Hace unos meses tuvimos invitados a cenar. Una esposa entró,
echó un vistazo a la mesa puesta para seis y dijo:
—Qué valientes. Yo ya no organizó cenas.
La única respuesta posible era: «Esto no es una cena.»
De entrada, porque la palabra está prohibida en nuestra casa.
Cámbiala y cambia tu actitud (tengo un amigo que una vez dijo, con
nostalgia: «Quizá pensara en jubilarme si no se llamase “jubilarse"»).
Por tanto, «vienen amigos a cenar» no es un eufemismo, sino sólo una
descripción distinta. No significa que cocines con menos aplicación o
que disfrutes menos de su compañía; si acaso, al contrario.
«Una cena»: qué terribles palabras. El deber social, como si fuera
la mamá supervisora del tenista, con el cocinero casero afanándose en
la línea de fondo, convencido de que su revés está a punto de venirse
abajo sometido a una tensión tan fuerte. Y los autores culinarios la
agravan, de un modo velado aunque involuntario. Una cena significa
que tienes que preparar tres platos, ¿no? Las columnas de prensa y los
manuales de cocina a menudo hablan de manera que refrendan este
precepto. Entrante, plato principal, [queso] entre corchetes porque al
menos no esperan que lo hagas tú (ni que hagas las galletas), postre.

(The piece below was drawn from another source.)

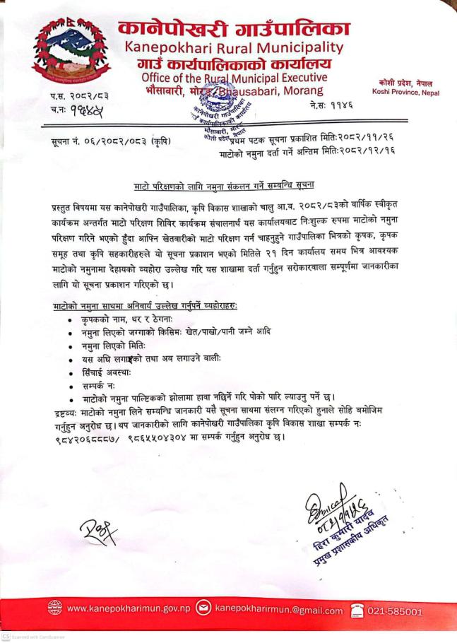 » माटो परिक्षणको लागि नमुना संकलन गर्ने सम्बन्धी सूचना।

Menús de temporada, ya pensados para ti, primera, segunda y tercera
parte.
Si el escritor puede hacerlo, entonces tú también puedes y debes.

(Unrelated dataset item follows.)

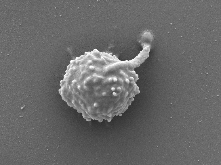 These images show malaria sporozoites interacting with a human natural killer (NK) cells directly, as well as NK cells in various states of activation in response to the parasite. These interactions are dependent on antibodies that recognize the sporozoite and promote NK cell activation and function.

Y lo harás, por más que protestes en tu fuero interno: al fin y' al cabo,
compraste el libro, ¿no?
Empero, si los libros forman parte del problema, también pueden
facilitar la solución. Da un paso al frente uno de los héroes de mi
cocina, Édouard de Pomiane. Las dos primeras páginas de Cooking
with Pomiane se titulan «Los deberes del anfitrión», y cabría esperar
que nos depriman. De hecho, habría que fotocopiarlas y pegarlas en el
extractor de humos. Según Pomiane, son tres los tipos de invitados que
pueden invadir tu casa:
1) Personas a las que aprecias.
2) Personas con las que estás obligado a tratar.

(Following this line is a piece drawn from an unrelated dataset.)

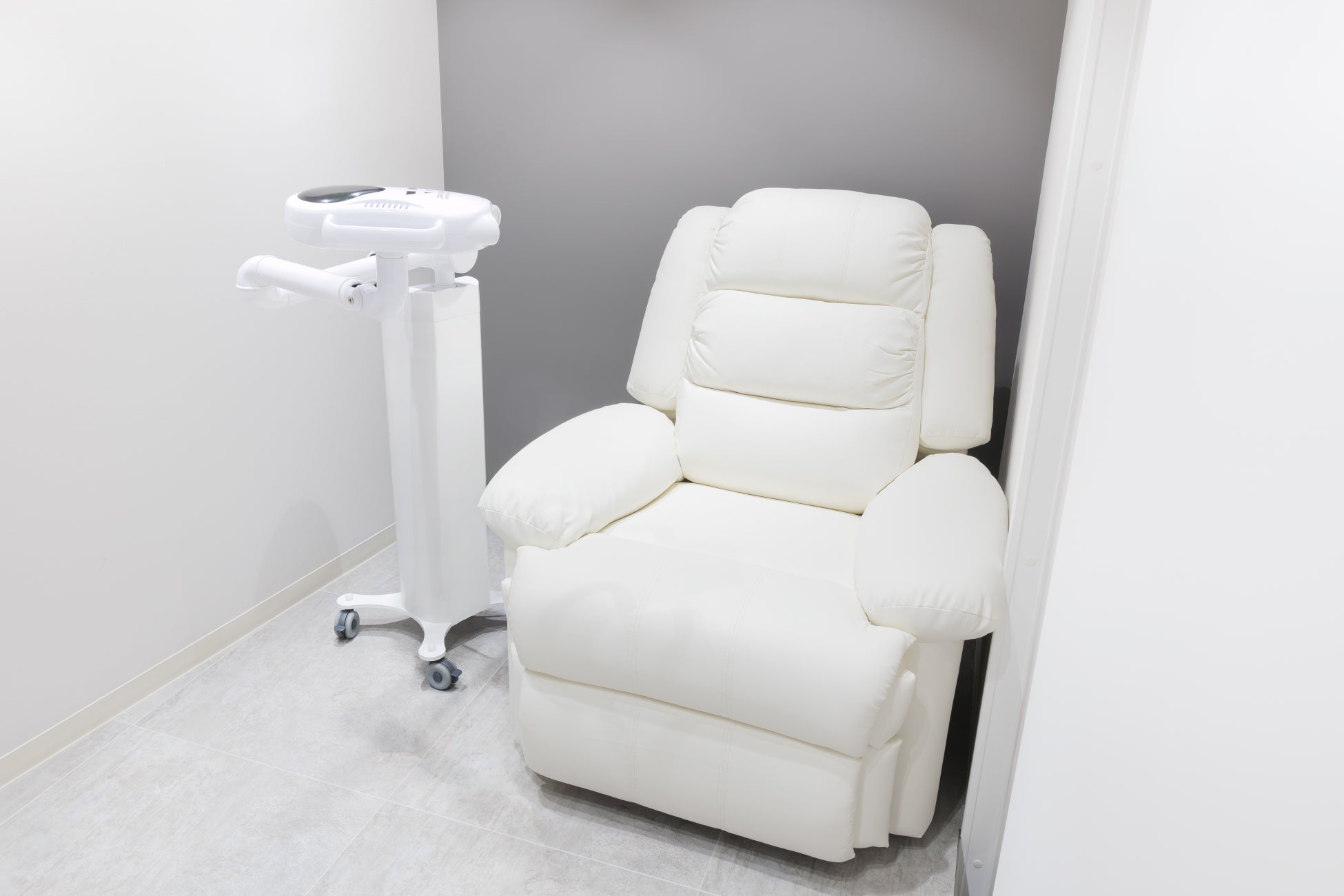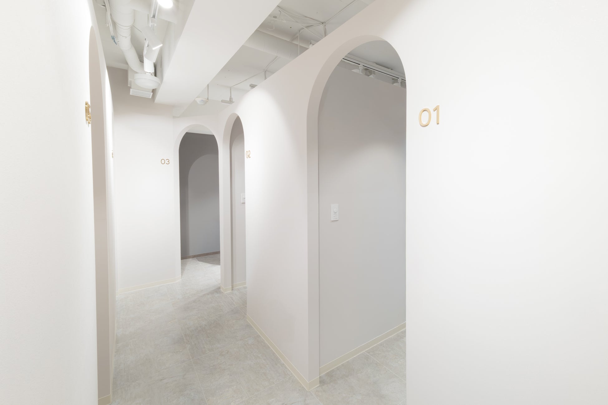 店舗内装は、白とグレーを基調にしたミニマルでスタイリッシュなデザインで、アーチ型の通路が柔らかな印象を与え、個室は清潔感と落ち着きを兼ね備えた空間設計となっています。誰もが心地よく過ごせるよう、施術ルームには快適なリクライニングチェアや施術ベッドを配置。プライバシーを重視した構造で、性別を問わずリラックスできる環境を提供します。

3) Personas a las que detestas.
Para cada una de estas ocasiones, «preparar, respectivamente,
una comida excelente, otra banal o no preparar nada, ya que en el
último caso uno comprará algo ya cocinado». Esta distinción es
provechosa. Es probable que parezca tacaño y moralista enjuiciar de
antemano cuánto aprecias a tus invitados; pero ¿hay algo más
desalentador que cocinar bien para un pelmazo que no lo agradece?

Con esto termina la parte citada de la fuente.